With age comes dignity, right? If only it were so. Life denies some the gifts of comportment and self-respect. Illness and good works unrewarded challenge the most stoical natures. But some never aspire to self-respect and settle for self-esteem, the default mode of the spiritually indolent. My generation overflows with unreconstructed hippies, Whitmanesque babies, Panglossian potheads, Che devotees and Zen nihilists. We are an enduring embarrassment, and not merely to our children. Seventeen years ago this week, Anthony Hecht published “Indolence,” our definitive group portrait, in The New Yorker:                                

“Beyond the corruption both of rust and moth,
I loaf and invite my soul, calmly I slump
On the crowded sidewalk, blessed to the gills on hemp;
Mine is a sanctified and holy sloth. 

“The guilty and polluted come to view
My meek tranquility, the small tin cup
That sometimes runneth over. They fill it up
To assuage the torments they are subject to 

“And hasten to the restoratives of sin,
While I, a flower-child, beautiful and good,
Remain inert, as St. Matthew said I should:
I rest, I toil not, neither do I spin. 

“Think how this sound economy of right
And wrong wisely allows me to confer
On all the bustling who in their bustling err
Consciences of a pure and niveous white.” 

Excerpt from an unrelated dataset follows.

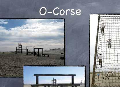 Na fase zero, o aluno tem o primeiro contato com a pista de obstáculos. O O-Corse, como é chamada, é uma pista com cerca de 15 obstáculos principais mais uns cinco outros obstáculos secundários e simples. Alguns deles são emblemáticos como o Cargo Net: uma rede de transbordo presa a uma estrutura de toras de eucaliptos estaiados, com cerca de 10 metros de altura. outros são curiosos como o dirty name (palavrão): dois cavaletes, também de toras de eucaliptos, um mais baixo e outro mais alto, onde o aluno deve passar por sobre cada uma delas. A princípio você não entende o porquê do nome do obstáculo, porém, depois que você salta e bate com a boca do estômago logo no travessão do primeiro cavalete, a primeira coisa que lhe vem à cabeça é justamente o nome do obstáculo. Mas o obstáculo mais difícil e mais cansativo talvez seja o Slide for Life. Trata-se de uma estrutura de cerca de 10 metros de altura, composta por quatro plataformas de madeira onde, a partir da última plataforma, o aluno deve deslizar por um cabo que vai do topo, estendese por uns bons 20 metros numa diagonal descendente, terminando a 2 metros do solo. O aluno escala as plataformas pela parte voltada para o mar, fazendo uma “abdominal invertida”, e deve deslizar pelo cabo inicialmente como uma preguiça e, no final da segunda fase, em “comando crawl” (sobre a corda). o problema é que o aluno está mais ou menos no meio do O-Corse, já está cansado e ainda deve escalar as plataformas para, a partir daí, deslizar pela sua vida, literalmente.
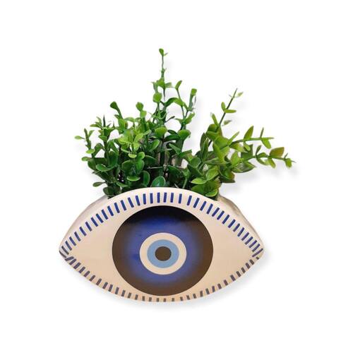 Cachepot de porcelana - Olho Grego O Vaso Decorativo veio para trazer uma decoração com estilo e criatividade para você, produto de ótima qualidade e durabilidade para dar aquele toque no seu ambiente. O Cachepot Decorativo pode ser em decorações internas e externas,com suculentas, orquideas ou cactos seria uma ótima opção,sendo um excelente presente, trazendo elegância para o ambiente. Nosso Vaso de Porcelana ajuda na decoração com um design moderno e criativo. Medida: 9x15x7cmcm Quantidade: 1 peça Cor: Branca/Azul Composição: Cerâmica Categoria: Decoração Origem: Acompanha 2 ramos de plantas Marca: Não Informado

A nice takedown of Whitmanesque posturing and Jesus-freak self-righteousness. The second allusion to the first gospel, Matthew 6:28, equates the flower-child with “the lilies of the field.” After “Indolence” appeared in Hecht’s final collection, The Darkness the and Light (2001), Eleanor Cook wrote to ask if he had Robert Browning’s “Johannes Agricola in Meditation” in mind. Hecht said no, but added, in a letter dated Jan. 7, 2002: 

“My speaker was far less a theologian/philosopher than Browning’s was. But I had [in mind], apart from the generic beatnik source, a passage of Auden in For the Time Being. In Herod’s speech he declares that if the `rumor’ of salvation by the New Dispensation is not stamped out, "Every corner-boy will congratulate himself: `I’m such a sinner that God had to come down in person to save me. I must be a devil of a fellow.' Every crook will argue: `I like committing crimes. God likes forgiving them. Really the world is admirably arranged.'" 

The Gospel According to Arlo Guthrie.

1 comment:

Cornflour said...

For what it's worth, Arlo Guthrie has become a libertarian who supports Republican candidates.